> _ABOUT THIS EXERCISE_: Where the records below show a line containing "Concept sketch: New", start copying; end with the line containing "At the center", and copy it too.

> _INFORMATION_:

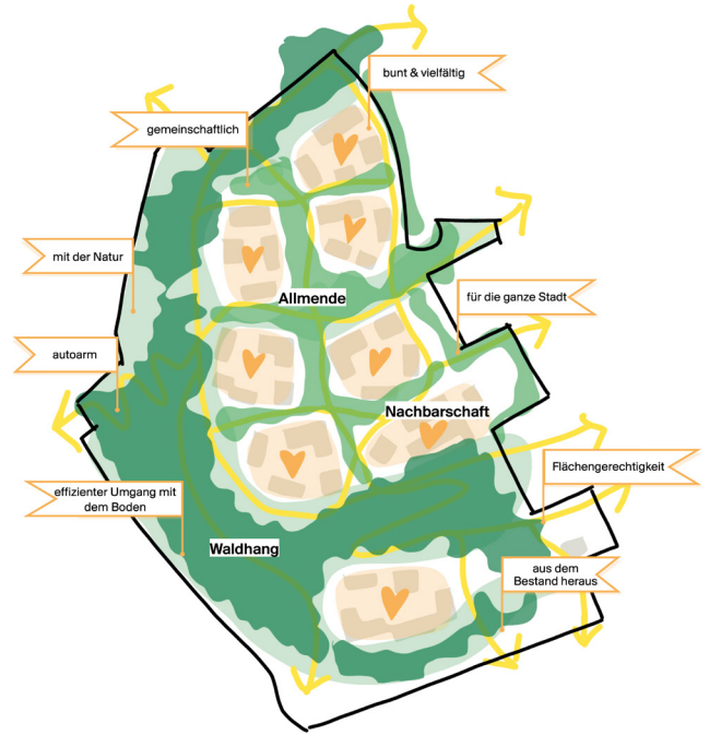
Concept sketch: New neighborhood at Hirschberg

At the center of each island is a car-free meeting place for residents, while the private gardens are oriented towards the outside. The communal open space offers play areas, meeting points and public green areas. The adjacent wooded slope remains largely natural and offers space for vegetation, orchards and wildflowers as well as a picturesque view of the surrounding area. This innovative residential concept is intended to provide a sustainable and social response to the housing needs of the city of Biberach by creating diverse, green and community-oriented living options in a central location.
* * *
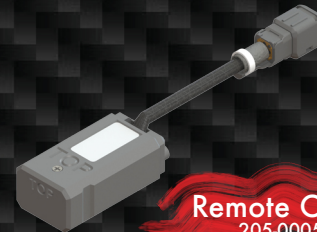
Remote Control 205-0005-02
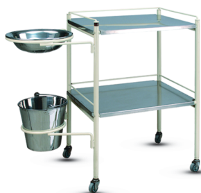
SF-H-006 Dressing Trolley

> _FINISHED EXERCISE_:
Concept sketch: New neighborhood at Hirschberg

At the center of each island is a car-free meeting place for residents, while the private gardens are oriented towards the outside. The communal open space offers play areas, meeting points and public green areas. The adjacent wooded slope remains largely natural and offers space for vegetation, orchards and wildflowers as well as a picturesque view of the surrounding area. This innovative residential concept is intended to provide a sustainable and social response to the housing needs of the city of Biberach by creating diverse, green and community-oriented living options in a central location.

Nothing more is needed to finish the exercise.